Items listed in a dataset
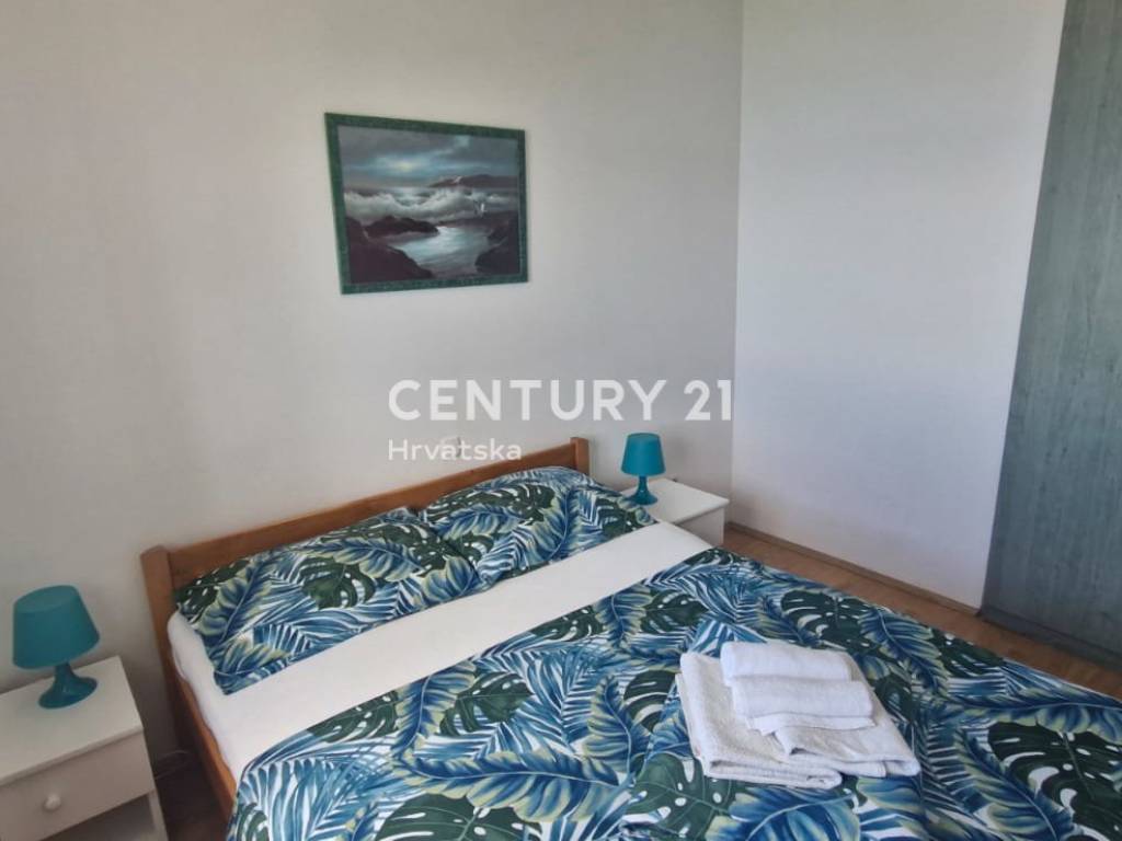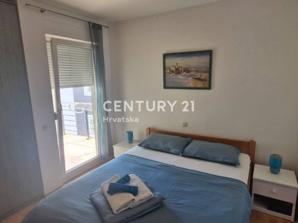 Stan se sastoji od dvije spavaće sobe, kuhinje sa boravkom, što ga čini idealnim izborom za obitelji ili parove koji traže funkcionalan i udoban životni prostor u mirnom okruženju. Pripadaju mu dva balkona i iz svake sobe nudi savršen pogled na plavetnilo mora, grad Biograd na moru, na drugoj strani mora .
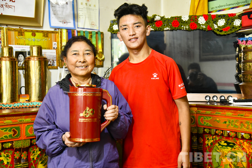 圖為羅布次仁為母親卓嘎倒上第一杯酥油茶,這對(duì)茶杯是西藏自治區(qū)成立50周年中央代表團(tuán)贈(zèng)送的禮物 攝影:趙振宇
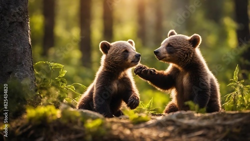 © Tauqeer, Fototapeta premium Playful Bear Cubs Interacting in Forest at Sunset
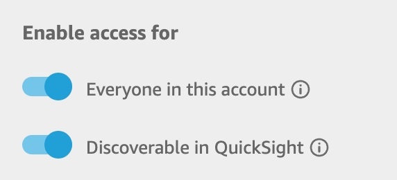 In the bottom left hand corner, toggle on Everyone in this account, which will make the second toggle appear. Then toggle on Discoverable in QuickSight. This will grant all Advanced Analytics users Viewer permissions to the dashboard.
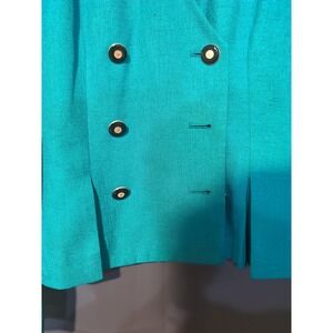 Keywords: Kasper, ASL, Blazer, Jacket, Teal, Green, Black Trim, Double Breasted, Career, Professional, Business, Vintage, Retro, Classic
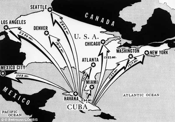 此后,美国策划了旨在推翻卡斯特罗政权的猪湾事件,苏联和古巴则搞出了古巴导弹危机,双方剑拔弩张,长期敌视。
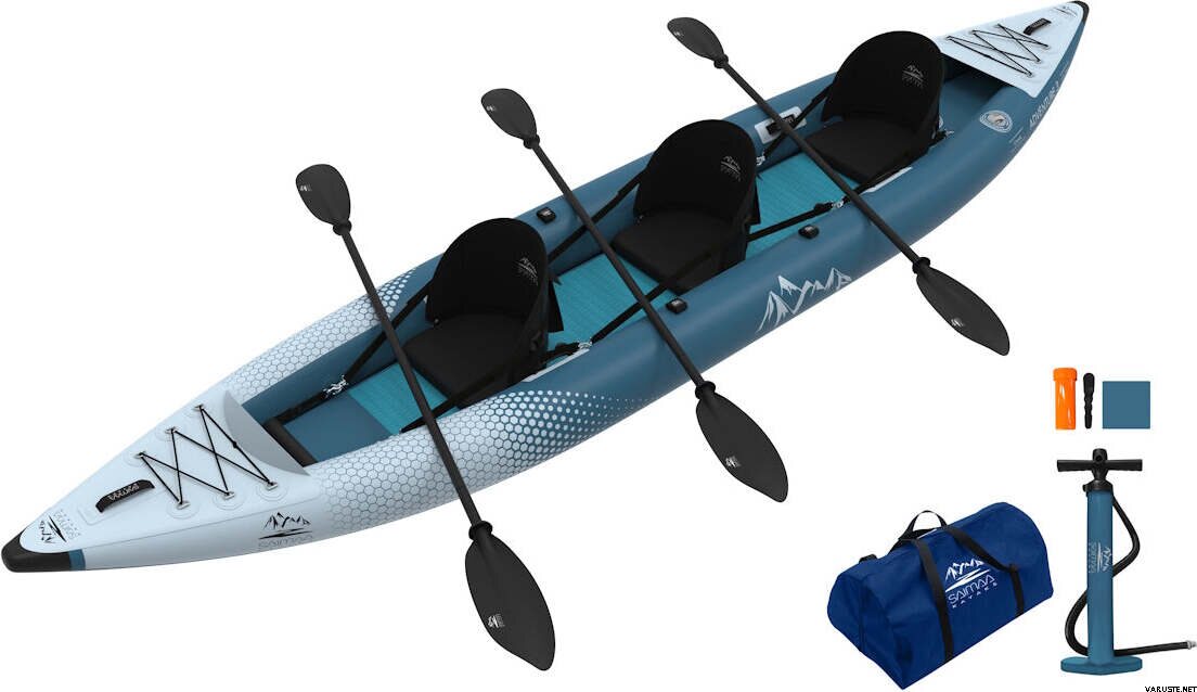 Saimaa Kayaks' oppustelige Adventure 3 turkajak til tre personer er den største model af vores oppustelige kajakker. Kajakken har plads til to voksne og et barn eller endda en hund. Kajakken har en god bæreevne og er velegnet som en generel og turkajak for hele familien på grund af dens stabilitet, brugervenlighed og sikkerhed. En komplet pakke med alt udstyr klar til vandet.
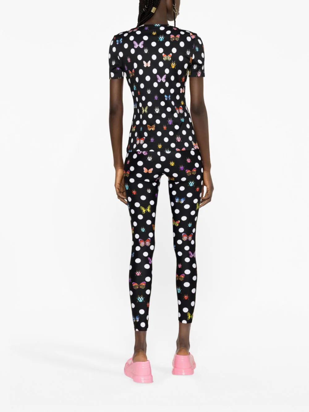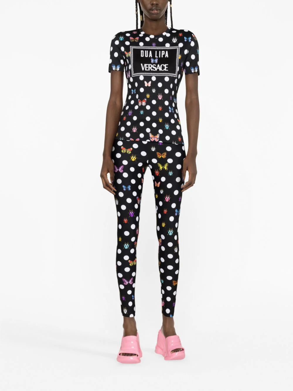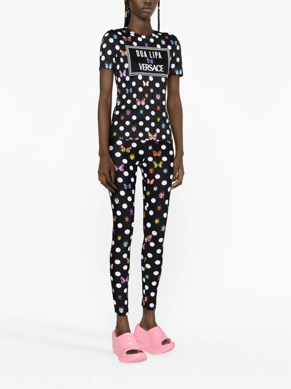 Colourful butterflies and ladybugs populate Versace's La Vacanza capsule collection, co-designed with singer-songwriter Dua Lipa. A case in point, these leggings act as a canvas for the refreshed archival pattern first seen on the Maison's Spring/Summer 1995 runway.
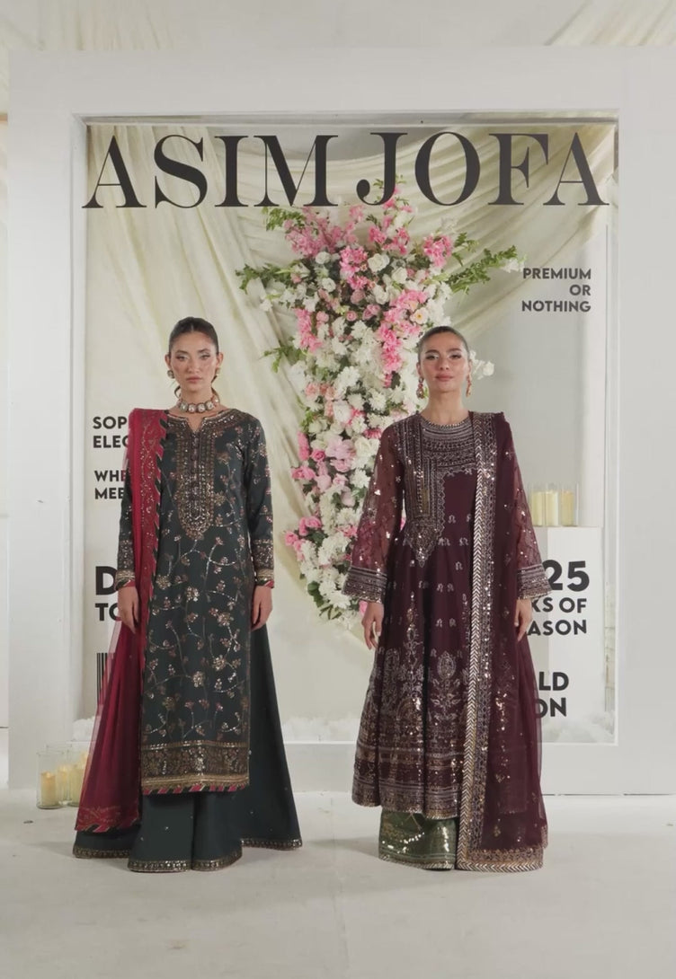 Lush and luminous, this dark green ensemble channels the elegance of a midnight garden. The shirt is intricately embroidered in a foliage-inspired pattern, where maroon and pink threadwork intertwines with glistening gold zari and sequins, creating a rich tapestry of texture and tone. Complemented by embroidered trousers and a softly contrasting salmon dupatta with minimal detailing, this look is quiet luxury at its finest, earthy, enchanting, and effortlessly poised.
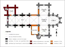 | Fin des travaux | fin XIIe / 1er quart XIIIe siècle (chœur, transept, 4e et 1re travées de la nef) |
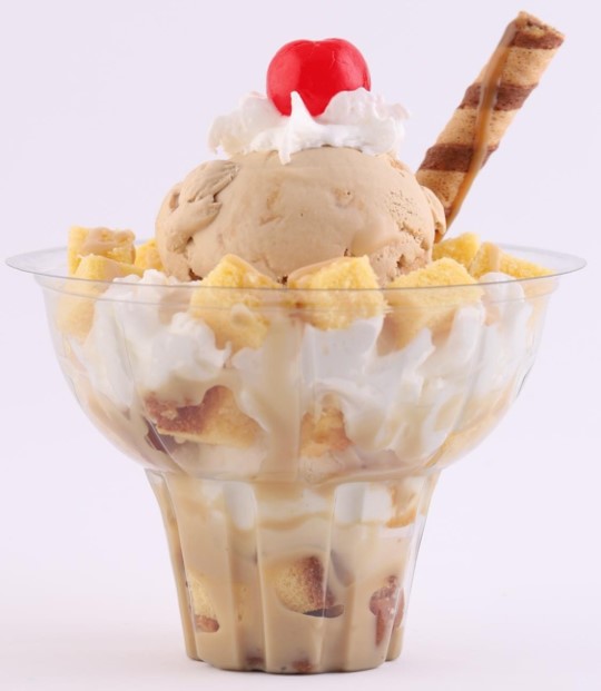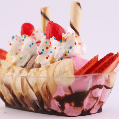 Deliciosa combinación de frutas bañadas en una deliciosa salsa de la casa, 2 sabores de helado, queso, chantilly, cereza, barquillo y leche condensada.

■ **REQUIRED ACTION**
Beginning at the line above that contains "Forest at Sunset", repeat each line exactly through the one that contains "Colourful butterflies and", and leave out the pictures.

■ **RESPONSE AREA**
 © Tauqeer, Fototapeta premium Playful Bear Cubs Interacting in Forest at Sunset
 In the bottom left hand corner, toggle on Everyone in this account, which will make the second toggle appear. Then toggle on Discoverable in QuickSight. This will grant all Advanced Analytics users Viewer permissions to the dashboard.
 Keywords: Kasper, ASL, Blazer, Jacket, Teal, Green, Black Trim, Double Breasted, Career, Professional, Business, Vintage, Retro, Classic
 此后,美国策划了旨在推翻卡斯特罗政权的猪湾事件,苏联和古巴则搞出了古巴导弹危机,双方剑拔弩张,长期敌视。
 Saimaa Kayaks' oppustelige Adventure 3 turkajak til tre personer er den største model af vores oppustelige kajakker. Kajakken har plads til to voksne og et barn eller endda en hund. Kajakken har en god bæreevne og er velegnet som en generel og turkajak for hele familien på grund af dens stabilitet, brugervenlighed og sikkerhed. En komplet pakke med alt udstyr klar til vandet.
 Colourful butterflies and ladybugs populate Versace's La Vacanza capsule collection, co-designed with singer-songwriter Dua Lipa. A case in point, these leggings act as a canvas for the refreshed archival pattern first seen on the Maison's Spring/Summer 1995 runway.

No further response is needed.